Para que todo esto ocurriera, era necesaria una premisa: la propiedad del suelo debía ser pública. Habitem el Sant Pau inició una movilización destinada a conseguir que el Ayuntamiento de Barcelona comprara el inmueble. Por un lado, se buscaba incluir el asunto en la multiconsulta popular anual instaurada por el gobierno de Barcelona en Comú. Por otro, llevar el tema al pleno del Ayuntamiento. Para la recogida de firmas destinada a llegar a la votación popular se movilizaron más de 400 personas en 68 puntos de la ciudad, aparte del jaleo en redes sociales, y se consiguió llegar a las 21.000 exigidas aunque, finalmente, la propuesta no acabó saliendo a votación por un defecto de forma que desde el gimnasio consideran muy estricto. Pero aún quedaba la baza del pleno.

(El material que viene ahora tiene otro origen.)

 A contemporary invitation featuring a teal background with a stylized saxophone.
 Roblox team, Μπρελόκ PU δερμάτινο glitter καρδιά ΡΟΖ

El 25 de mayo de 2018, a propuesta de la CUP y con votos a favor de todos los grupos menos la abstención de PP y PSOE, el Ayuntamiento de Barcelona aprobó la compra, antes del 31 de diciembre de 2018, de la finca situada en el 46 de la Ronda de Sant Pau —compra que debía ser por parte del propio Ayuntamiento, el consorcio de vivienda o la Generalitat y dentro del rango de precios establecido por el consistorio—, respetar el gimnasio y destinar lo construido a vivienda social y hacerlo a partir del proyecto propuesto desde Habitem el Sant Pau. Una victoria que en realidad no lo era tanto.

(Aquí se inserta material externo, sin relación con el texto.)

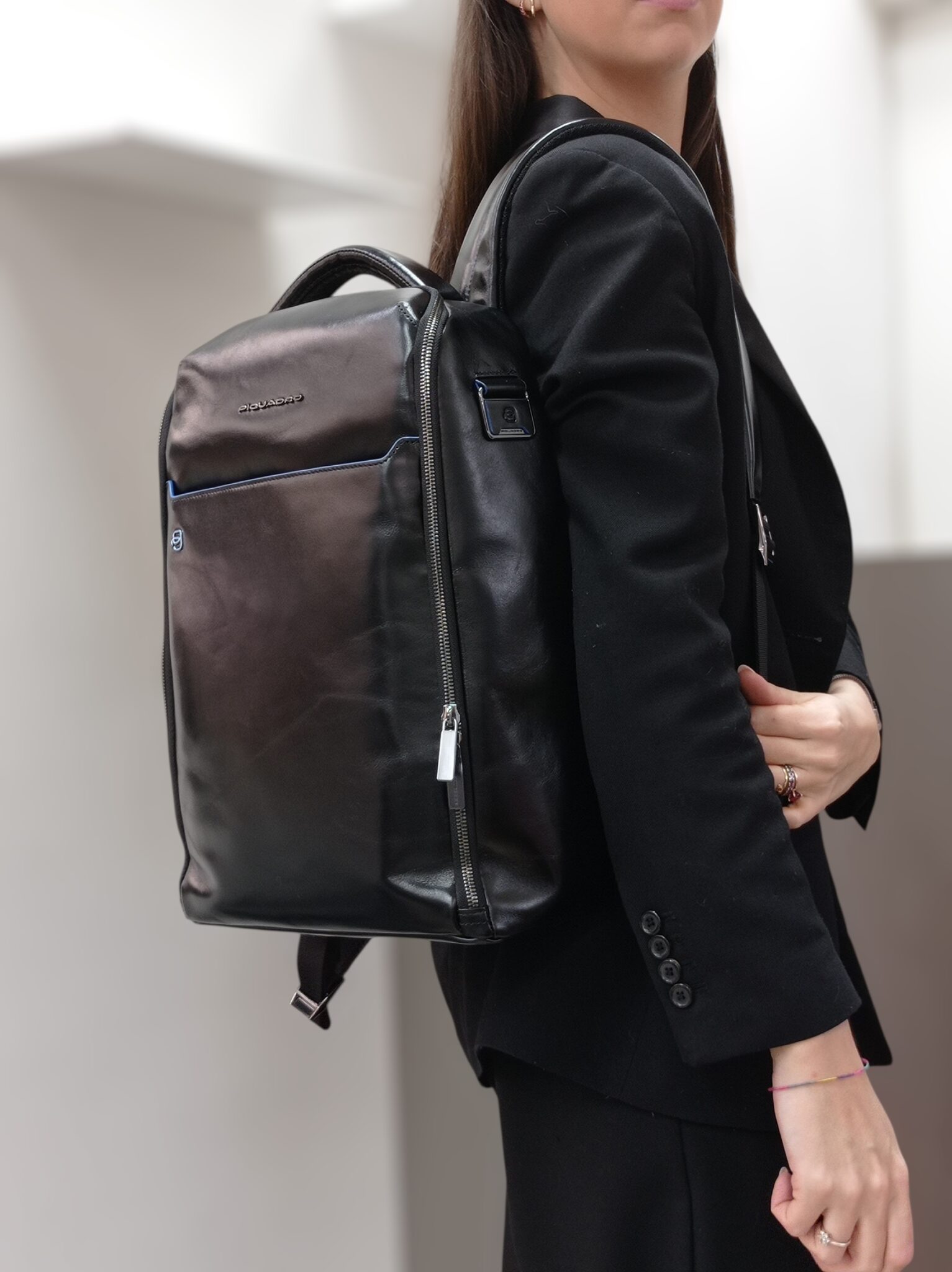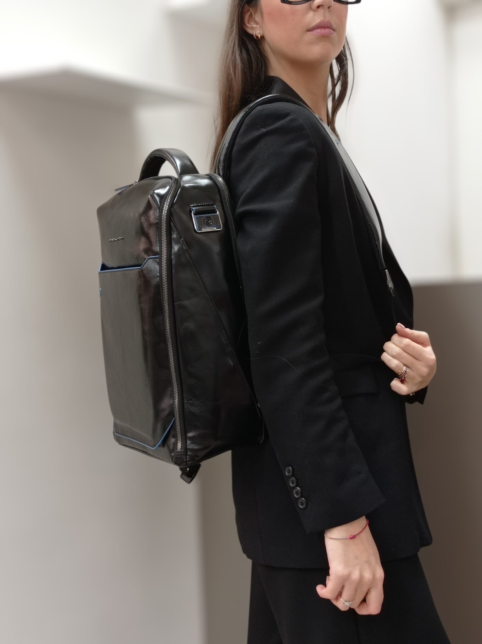 Gli interni sono foderati e ricchi di piccoli inserti porta oggetti aperti e chiusi e del doppio inserto imbottito per tablet e pc.

La situación. Hoy el Sant Pau peligra más que nunca, el proyecto de vivienda social y el propio gimnasio. A menos de un mes del fin del año y del compromiso del pleno, el Ayuntamiento no ha movido ficha para ejercer la compra comprometida. La cooperativa de trabajadores se ha reducido de dieciséis a diez, se ha bajado los sueldos un 30% y ha aumentado sus jornadas laborales para igualar ingresos y gastos y facilitar la solución pactada. También ha buscado otra vía y, en vista de la inacción del consistorio: ha contactado con unos posibles compradores del edificio, un grupo de empresas que construirían vivienda destinada al mercado libre, pero con el compromiso de mantener el gimnasio abierto, garantizar su futuro y el trabajo de los cooperativistas y el de ofrecer vivienda asistencial en otros inmuebles de la ciudad.

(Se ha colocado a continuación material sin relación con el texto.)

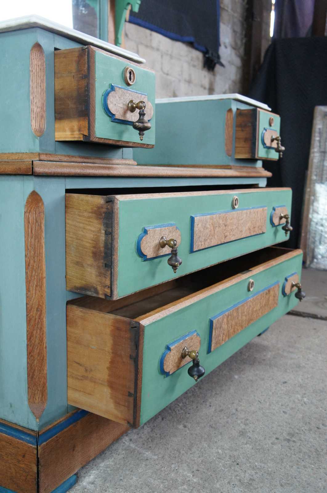 Antique Victorian Eastlake gentlemans dropwell mirrored vanity dresser or shaving / wash stand. Made of oak featuring birdseye maple panels with painted accents, marble tops, and multiple drawers with brutalist tear drop pulls.

La propiedad, por su parte, tiene prisa por quitarse de en medio el gimnasio y vender. En este tiempo, el Ayuntamiento de Barcelona ha aprobado la norma que obliga a que las nuevas promociones inmobiliarias dediquen el 30% a vivienda social, pero como su aplicación empieza en 2019, el mercado ahora está más caliente que nunca. Por eso, los Samaranch-Viñas han vuelto a pedir el desahucio por impago de tres rentas, falta de mantenimiento y ausencia de seguro. El juicio se celebró la semana pasada y la sentencia llegará la que viene y, aunque tiene mala pinta, el Sant Pau asegura que recurrirá si es en su contra.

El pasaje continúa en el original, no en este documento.